▶ PROBLEM REQUIREMENTS
Set down, character for character, everything in the records below from the line holding "ಸೆಲೆಬ್ರಿಟಿಗಳು ಸೇರಿಕೊಂಡಿರುವುದು ಅಚ್ಚರಿ" down to the line holding "ウエストから裾にかけたフレアタックでどの角度からも美しい。", and no other line.
======== THE INPUT
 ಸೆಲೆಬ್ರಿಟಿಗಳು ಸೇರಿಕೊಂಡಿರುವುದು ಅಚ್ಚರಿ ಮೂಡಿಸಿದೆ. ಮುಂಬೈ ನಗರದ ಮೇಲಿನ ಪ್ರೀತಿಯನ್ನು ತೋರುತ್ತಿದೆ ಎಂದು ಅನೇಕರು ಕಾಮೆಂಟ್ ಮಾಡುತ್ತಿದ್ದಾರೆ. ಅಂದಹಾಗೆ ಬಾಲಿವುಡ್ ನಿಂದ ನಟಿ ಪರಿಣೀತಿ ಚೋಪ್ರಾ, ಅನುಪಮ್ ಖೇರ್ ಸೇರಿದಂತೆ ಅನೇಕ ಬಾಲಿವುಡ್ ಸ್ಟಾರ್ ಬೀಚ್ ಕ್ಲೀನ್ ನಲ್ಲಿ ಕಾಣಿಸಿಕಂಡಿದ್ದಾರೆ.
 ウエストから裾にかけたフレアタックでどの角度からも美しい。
================
======== THE INPUT
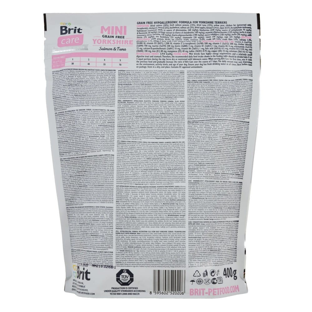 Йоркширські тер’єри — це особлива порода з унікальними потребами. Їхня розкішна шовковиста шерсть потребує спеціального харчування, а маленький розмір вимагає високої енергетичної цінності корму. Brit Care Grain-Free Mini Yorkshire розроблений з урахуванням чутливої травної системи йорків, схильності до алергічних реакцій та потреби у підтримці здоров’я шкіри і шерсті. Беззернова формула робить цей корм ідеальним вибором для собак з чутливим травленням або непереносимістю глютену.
================
▶ OUTPUT FOR THIS TASK
 ಸೆಲೆಬ್ರಿಟಿಗಳು ಸೇರಿಕೊಂಡಿರುವುದು ಅಚ್ಚರಿ ಮೂಡಿಸಿದೆ. ಮುಂಬೈ ನಗರದ ಮೇಲಿನ ಪ್ರೀತಿಯನ್ನು ತೋರುತ್ತಿದೆ ಎಂದು ಅನೇಕರು ಕಾಮೆಂಟ್ ಮಾಡುತ್ತಿದ್ದಾರೆ. ಅಂದಹಾಗೆ ಬಾಲಿವುಡ್ ನಿಂದ ನಟಿ ಪರಿಣೀತಿ ಚೋಪ್ರಾ, ಅನುಪಮ್ ಖೇರ್ ಸೇರಿದಂತೆ ಅನೇಕ ಬಾಲಿವುಡ್ ಸ್ಟಾರ್ ಬೀಚ್ ಕ್ಲೀನ್ ನಲ್ಲಿ ಕಾಣಿಸಿಕಂಡಿದ್ದಾರೆ.
 ウエストから裾にかけたフレアタックでどの角度からも美しい。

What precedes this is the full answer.